Леонид Григорьян

Леонид Григорьян

Вольтеровское кресло № 36 (168) от 21 декабря 2010 года

Подборка: Вальс на побережье Стикса

30 августа нынешнего – 2010 года – от нас ушёл Леонид Григорьян. В течение недели в серии Ростовского регионального отделения Союза российских писателей «32 ПОЛОСЫ» был издан сборник стихотворений ЛГ «Этот реющий дух». Грустная книжка – книжка-прощание. Какой подлинный поэт – не провидец? И всяк из нас знает наверняка, чем завершается трагикомедия под названьем «Жизнь человеческая». Однако не всякому стихотворцу удаётся со столь поразительной – драматургической – точностью отразить процесс ухода.
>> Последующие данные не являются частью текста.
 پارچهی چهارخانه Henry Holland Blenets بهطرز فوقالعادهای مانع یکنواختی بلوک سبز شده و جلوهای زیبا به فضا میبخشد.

В развитии.

Несколько стихотворений из этой – первой посмертной, и пока последней хронологически – книжки мы предлагаем читателям 45-й параллели.
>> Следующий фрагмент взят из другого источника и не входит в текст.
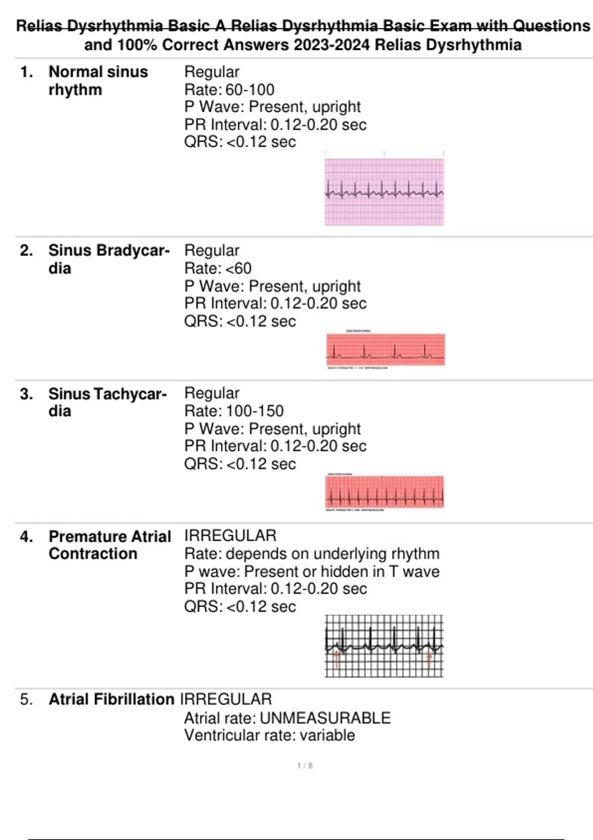 Relias Dysrhythmia Basic A Relias Dysrhythmia Basic Exam with Questions and 100% Correct Answers Relias Dysrhythmia

P.S. Публикация – в преддверии дня рождения поэта: 27 декабря-2010 Леониду Григорьяну мог бы исполнится 81 год.

 

Нина Огнева

 

Декабрь-2010

Ростов-на-Дону

* * *

 

Этот звук безыскусный,

Этот реющий Дух –

Изначальный, изустный,

Непонятный на слух.

 

Неужели доселе

Не угас, не померк,

А звучит во спасенье

Разуменья поверх?

 

Был прожилкой в породе,

Но порода сама –

Сгусток крови и плоти,

Красоты и ума.

 

Праязык, повитуха

Сопряжённых судьбин.

Дуновение духа

Высоты и глубин.

 

Над родными полями

Он пока что парит.

Но придёт пониманье

И уста отворит...

 

Прокрасться...

 

Нет, не завидую ни небесам, ни царству,

Ни хлопцу-живчику, ни благостному старцу,

Ни полководцу, ни биржевику,

Ни раскрасавцу, ни здоровяку,

Ни живописцу, скульптору, поэту,

Преодолевшим сумрачную Лету,

Ни скрипачу, ни супербогачу.

Политику, искусному врачу...

 

Как славно, что судьба непокорима,

А я лишь черенок, привой, отвод.

И следует – права, права Марина! –

Прокрасться, не встревожив скал и вод,

Прокрасться тенью, не оставив праха

На урну, не тянуться, не взлететь.

Да, но «перстом Собастиана Баха!» –

Всё мочь и ничего не захотеть...

 

* * *

 

Внезапно сменилось «ура!» на «увы!».

Под занавес все персонажи мертвы.

А тот, что пока ещё дышит, –

Ни виршей, ни писем не пишет.

 

А если и пишет – незнамо кому,

Всего вероятней, себе самому.

И ежели сильно скучает –

Себе самому отвечает.

 

Такая уж особь, такой индивид:

Себя самого провести норовит,

Сурово себя распекает,

Себе же грехи отпускает.

 

Кого-то язвит, никому не кадит,

Никчёмные прописи сдуру плодит,

Кого-то врачует, увечит...

А толку! – Никто не перечит.

 

Ушедшим растерянно смотрит вдогон,

Не веря ослабшему зренью.

И если чему-то научится он,

То разве что самопрезренью.

 

* * *

 

Чудят стишки – то вымарки, то правки,

За каждой строчкой каверзный вопрос.

Твои камены в возрастной отставке,

К тому ж у них артрит, бронхит, склероз.

 

Они твоё прямое отраженье –

Резвушки-душки, если ты удал.

И вот – непоправимое крушенье,

Но разве ты иного ожидал?

 

Своей судьбе нимало не переча,

Прислушайся, как колокол звонит.

Ты неприметно кончился, и неча

Свою беду валить на аонид...

 

* * *

 

Такая полоса. Такое время года.

Едва затих пролог – и траурная кода.

Ты жмёшься у оград, как робкий пешеход,

А жерла труб трубят: в расход его, в расход!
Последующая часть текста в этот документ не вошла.